Hare - Orientation



Identification. The Hare refer to themselves as "Ka so gotinè," (which may mean big willow people), or as "gahwié gotinè" (rabbitskin people, which is a recent translation from English). The suffix -gotinè means "the people of"; hare, willow, and arrow have similar roots, and the Hare have been called "the people of" all three. The names "Hare" and "Peaux de Lievre," which Whites have used for over two hundred years, refer to the extreme dependence some Hare Indians placed on the varying hare Lepus americanus for food and clothing.

Location. The Hare live today where they lived when first contacted by Whites: in what is now the Canadian Northwest Territories, north of Great Bear Lake and on both sides of the Mackenzie River. Since 1806, Fort Good Hope, located today at 66°16′ N and 128°38′ W, has evolved from a trading post visited by most Hare Indians several times a year for Economic and, after 1860, religious reasons into the settlement where most of the Hare live today.

Demography. In 1978, 430 Hare Indians were registered on the Canadian Indian band roll at Fort Good Hope and Colville Lake. The first census, in 1827, estimated the Population of the Hare as approximately 300, but by that time they had been strongly affected by epidemic disease from which, apparently, mortality was significant.

Linguistic Affiliation.
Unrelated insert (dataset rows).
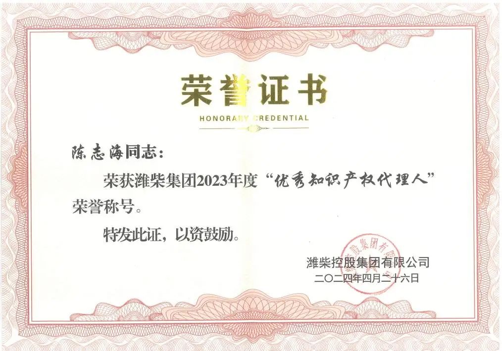 同時(shí),濰柴集團(tuán)授予集佳專利代理師陳志海、魏丹2023年度“優(yōu)秀知識(shí)產(chǎn)權(quán)代理人”榮譽(yù)稱號(hào),對(duì)他們精湛的業(yè)務(wù)能力與認(rèn)真負(fù)責(zé)的專業(yè)態(tài)度點(diǎn)贊!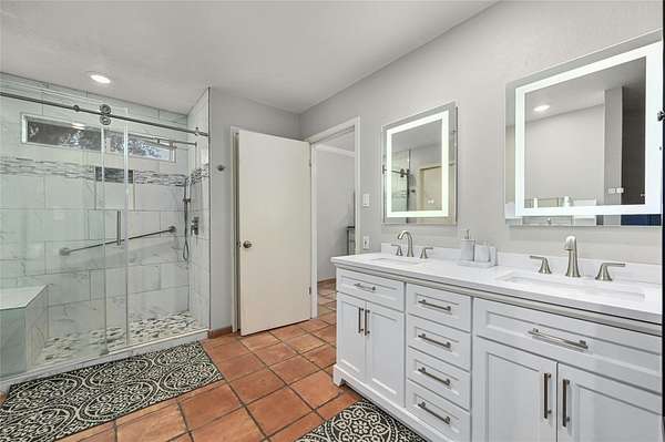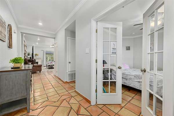 - Breakfast Bar, Built-In Features, Ceiling Fan(s), Ceiling-High, Chandelier, Coffered Ceiling(s), Crown Molding, Double Vanity, Eat-In Kitchen, Entrance Foyer, Granite Counters, High Speed Internet, Kitchen Island, Low Flow Plumbing Fixtures, Multiple Dining Areas, Multiple Living Areas, Natural Woodwork, No Interior Steps, Open Floorplan, Pantry, Primary Bedroom On Main, Recessed Lighting, Smart Thermostat, Soaking Tub, Two Primary Closets, Walk-In Closet(s)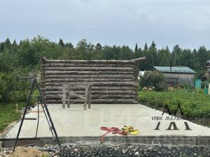 На участке залита плита под банный комплекс и стоит бревенчатый сруб для бани.
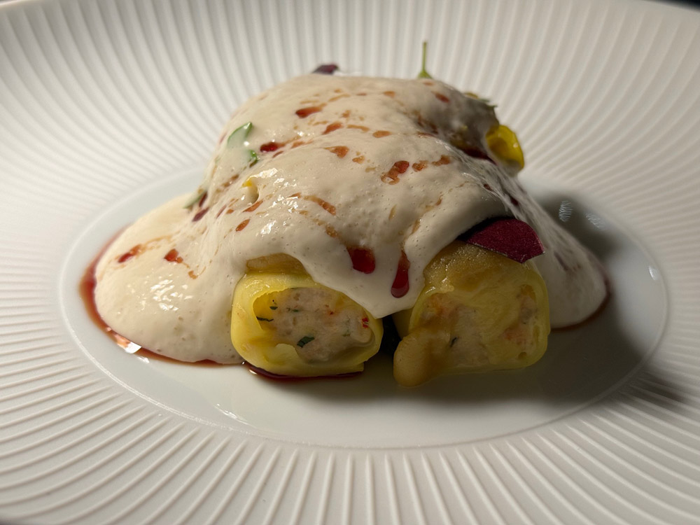 Con il cannellone di astice blu, indivia, zafferano iraniano e crema non pastorizzata, la cucina mostra il lato più classico e francese della propria identità: tecnica pulita, equilibrio tra dolcezza, amaro e spezia. L’Etna Bianco IDDA 2023 aggiunge tensione minerale, mentre l’abbinamento analcolico, carota antica, olivello spinoso e olio d’oliva Ta’ Betta, gioca con stile sulla grassezza vegetale e sulla componente agrumata.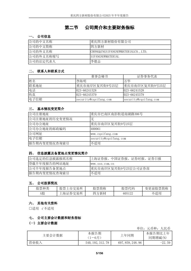 605122-四方新材:重庆四方新材股份有限公司2025年半年度报告.pdf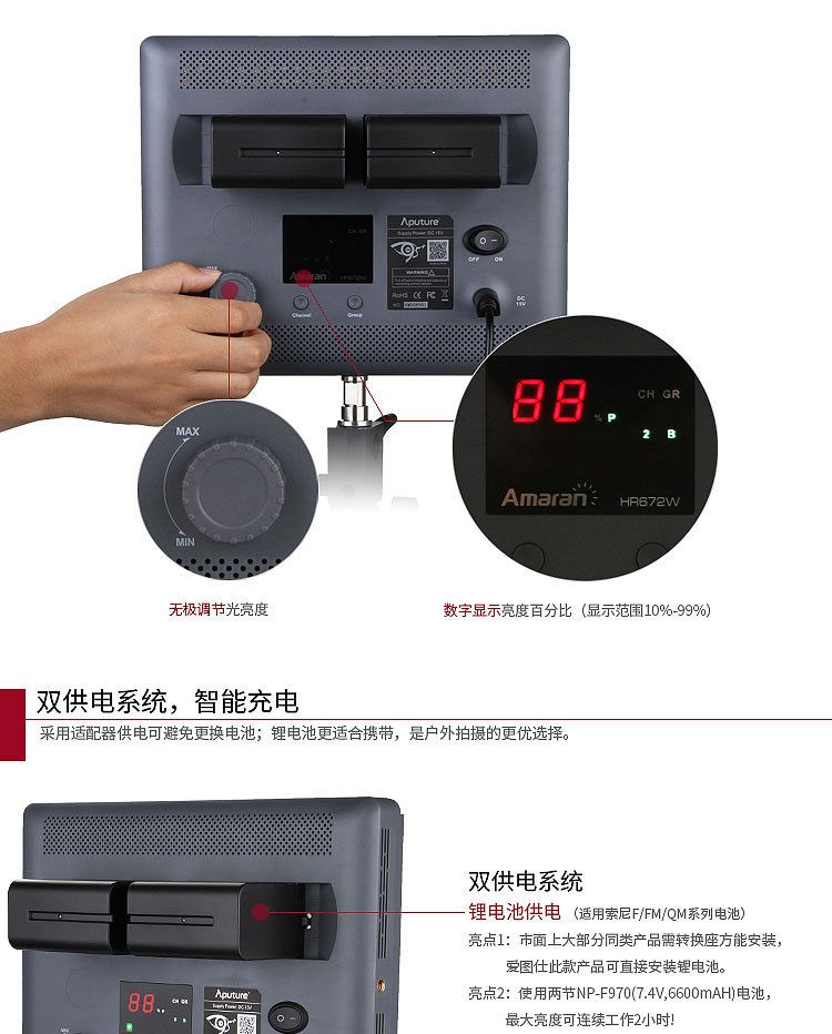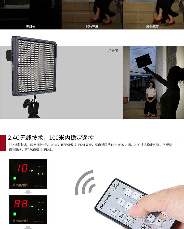 【停产】Aputure/爱图仕HR672W LED摄影补光灯淘宝直播设备视频拍摄常亮灯

The Hare speak an Athapaskan language that shares high mutual intelligibility with and differs in only minor dialectical ways from Mountain, Bearlake, and Slavey. Divergence from neighboring Kutchin is sharp with the exception, perhaps, of one enigmatic nineteenth-century band that apparently was a cultural and biological amalgam of Hare and Kutchin—the "ne la gotinè" (end of the earth people or Bâtards Loucheux).